→ Data records:

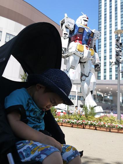 首がカクッとならないようにベビーカーの前車輪を持ち上げてくれてるpapaさん。
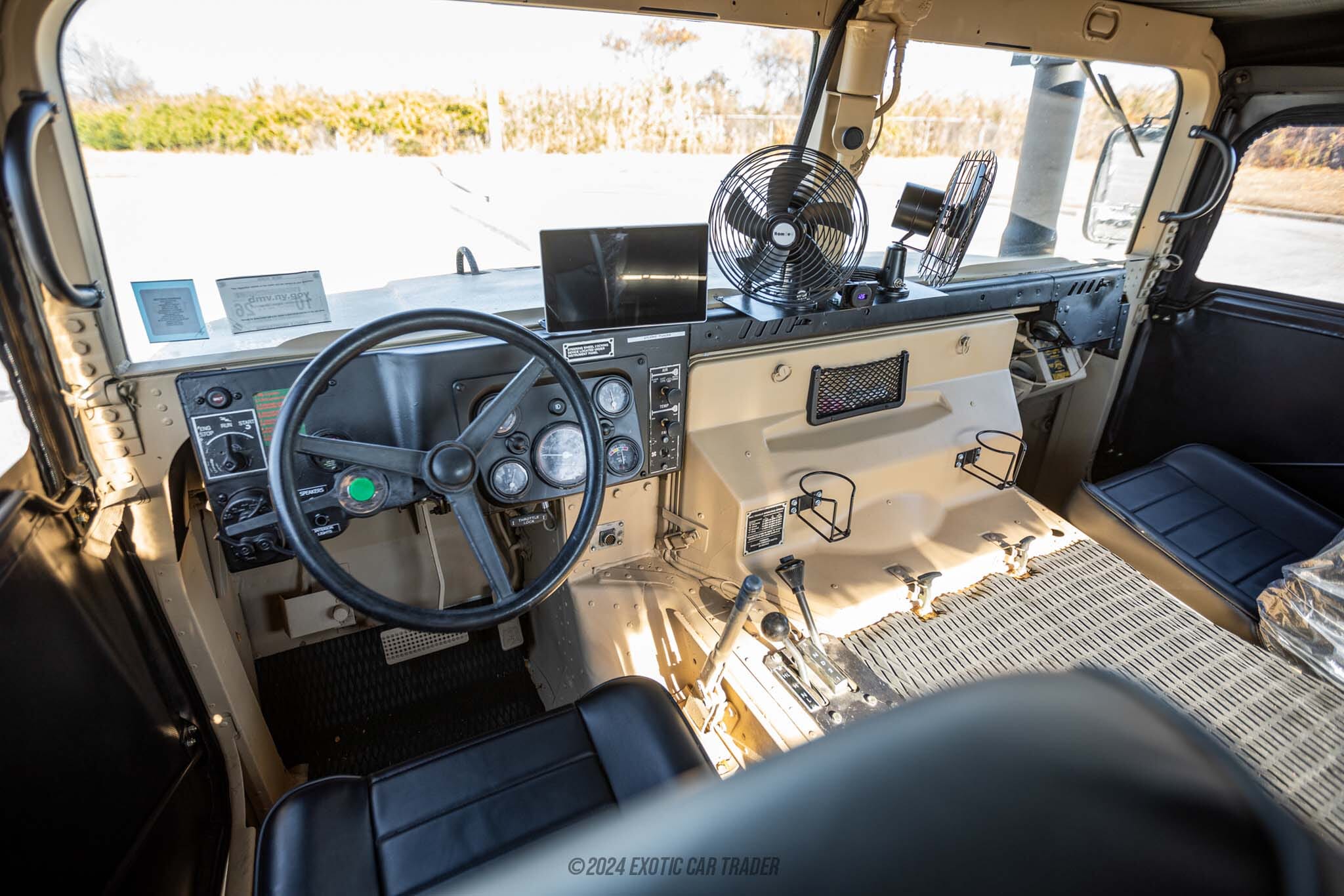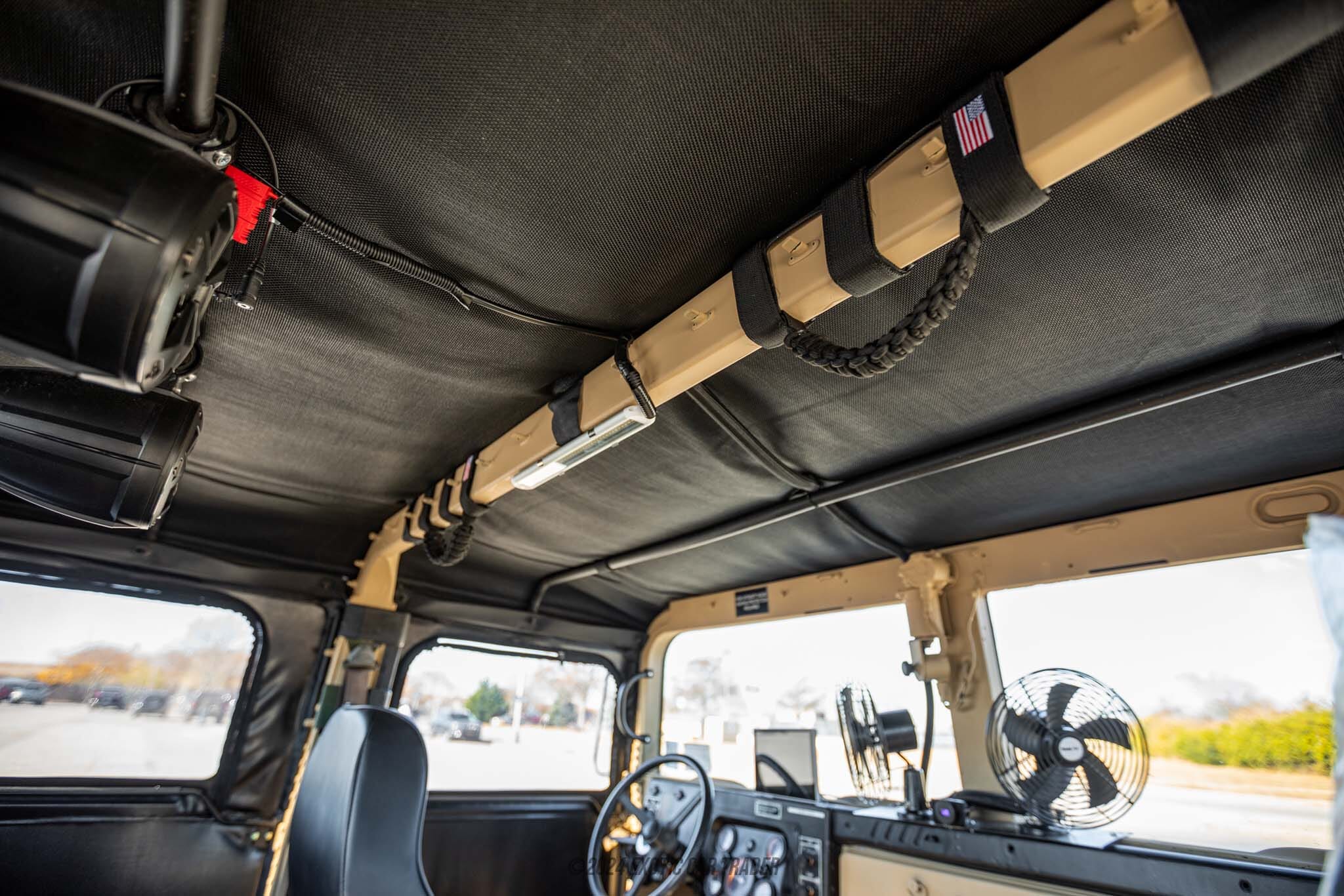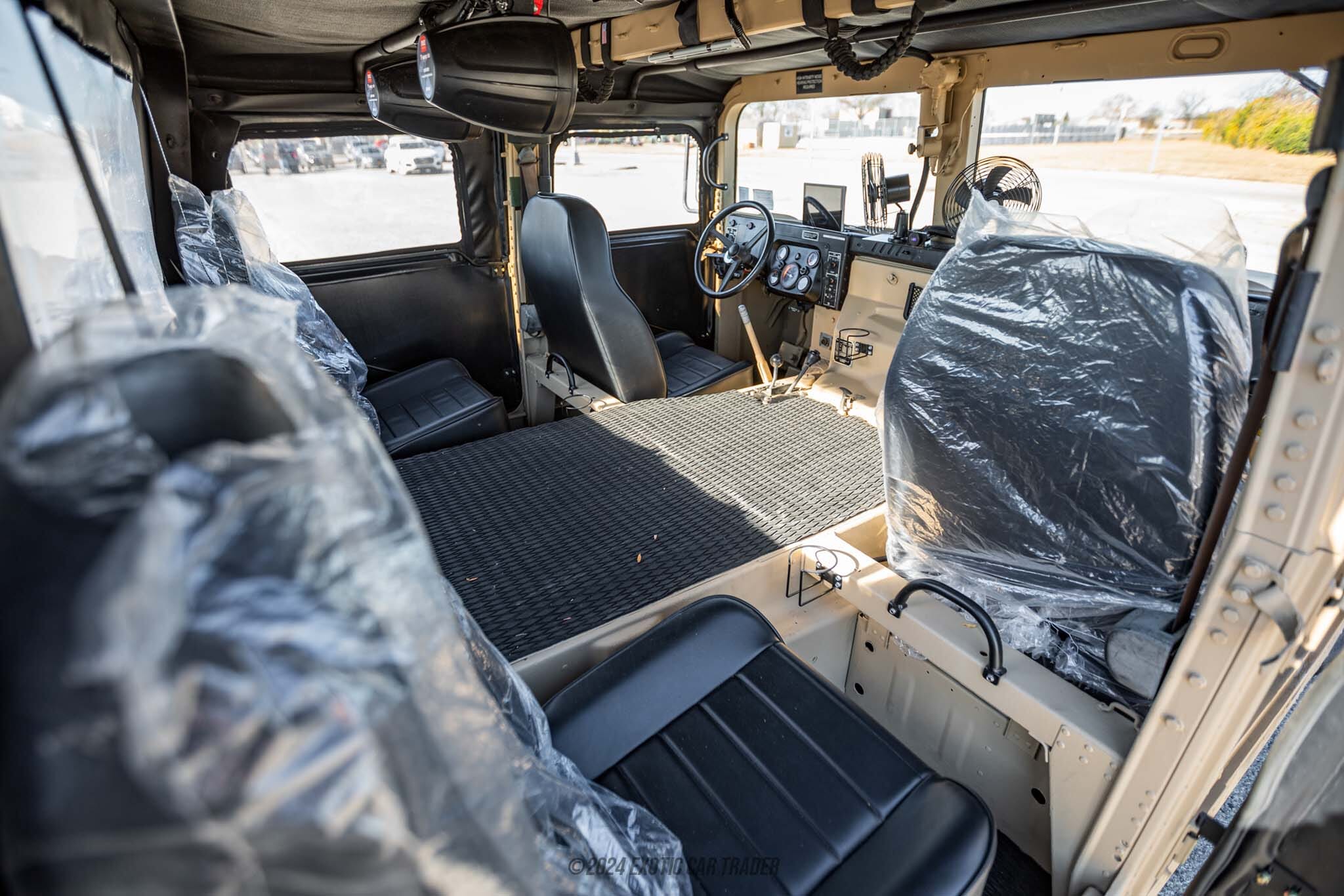 The exterior of this 2006 AM General Humvee M1097R1 is painted in a suitable shade: Sandstorm. To protect occupants from the elements, a new top is included, as are new doors and a new back cover. Move inside the black interior, and you’ll find a bit of modernization. The owner reports that the truck features grab handles throughout, as well as cupholders for added convenience. There are fans throughout the vehicle too, helping during the warmer months. But there’s plenty of evidence that this Humvee can be used hard, too. You’ll find marine-grade rubber floor mats and marine-grade seats too. The owner also reports new stereo speakers and an aftermarket Bluetooth radio with Apple CarPlay. There are even USB ports to recharge your devices on the go.
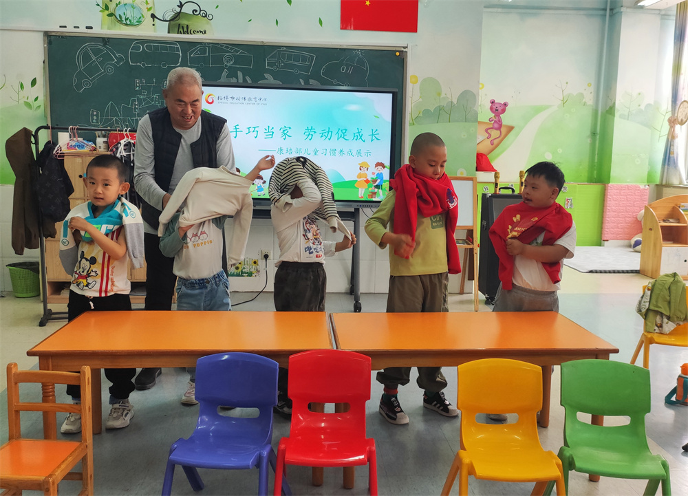 在啟智小班教室里,小朋友齊聚一堂按班級(jí)順序展示了穿衣服、掛衣服、使用勺子等生活技能,孩子們的動(dòng)作稚嫩而認(rèn)真,獲得了觀眾們的陣陣掌聲。在博愛(ài)禮堂內(nèi),義務(wù)段學(xué)生的展示項(xiàng)目更是豐富多樣:系紅領(lǐng)巾、縫扣子、掃地、擦桌子、打包物品、系圍裙……孩子們手法嫻熟,細(xì)心專注,驕傲地展示著自己在勞動(dòng)課的學(xué)習(xí)成果。
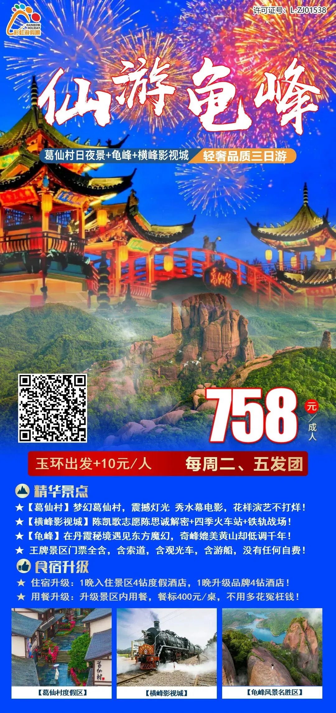 11、女神节特惠【仙游龟峰】葛仙村日夜景+丹霞龟峰+横峰影视城+上饶 轻奢品质三日游
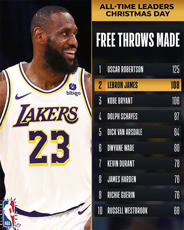 4、詹姆斯年终大战罚球命中数超越科比,升到历史第二位
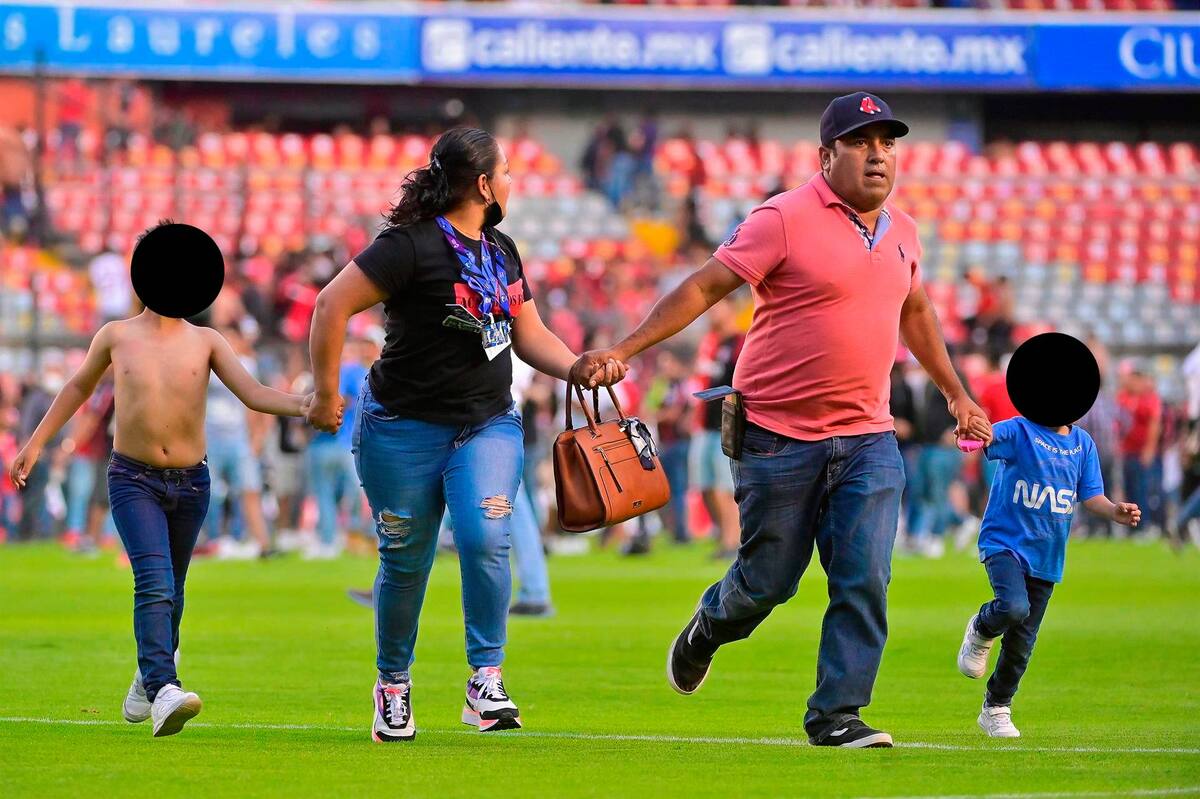 En medio de los actos de violencia extrema que se presentaron en el estadio de Querétaro FC cuando el partido estaba en el segundo tiempo, se hicieron virales en redes sociales varias imágenes de aficionados protegiendo a sus familias, pues el lugar se convirtió prácticamente en "zona de guerra".

→ Try it: Your answer must be an exact transcription of the records above, minus the pictures.

→ Answer to this exercise:
 首がカクッとならないようにベビーカーの前車輪を持ち上げてくれてるpapaさん。
 The exterior of this 2006 AM General Humvee M1097R1 is painted in a suitable shade: Sandstorm. To protect occupants from the elements, a new top is included, as are new doors and a new back cover. Move inside the black interior, and you’ll find a bit of modernization. The owner reports that the truck features grab handles throughout, as well as cupholders for added convenience. There are fans throughout the vehicle too, helping during the warmer months. But there’s plenty of evidence that this Humvee can be used hard, too. You’ll find marine-grade rubber floor mats and marine-grade seats too. The owner also reports new stereo speakers and an aftermarket Bluetooth radio with Apple CarPlay. There are even USB ports to recharge your devices on the go.
 在啟智小班教室里,小朋友齊聚一堂按班級(jí)順序展示了穿衣服、掛衣服、使用勺子等生活技能,孩子們的動(dòng)作稚嫩而認(rèn)真,獲得了觀眾們的陣陣掌聲。在博愛(ài)禮堂內(nèi),義務(wù)段學(xué)生的展示項(xiàng)目更是豐富多樣:系紅領(lǐng)巾、縫扣子、掃地、擦桌子、打包物品、系圍裙……孩子們手法嫻熟,細(xì)心專注,驕傲地展示著自己在勞動(dòng)課的學(xué)習(xí)成果。
 11、女神节特惠【仙游龟峰】葛仙村日夜景+丹霞龟峰+横峰影视城+上饶 轻奢品质三日游
 4、詹姆斯年终大战罚球命中数超越科比,升到历史第二位
 En medio de los actos de violencia extrema que se presentaron en el estadio de Querétaro FC cuando el partido estaba en el segundo tiempo, se hicieron virales en redes sociales varias imágenes de aficionados protegiendo a sus familias, pues el lugar se convirtió prácticamente en "zona de guerra".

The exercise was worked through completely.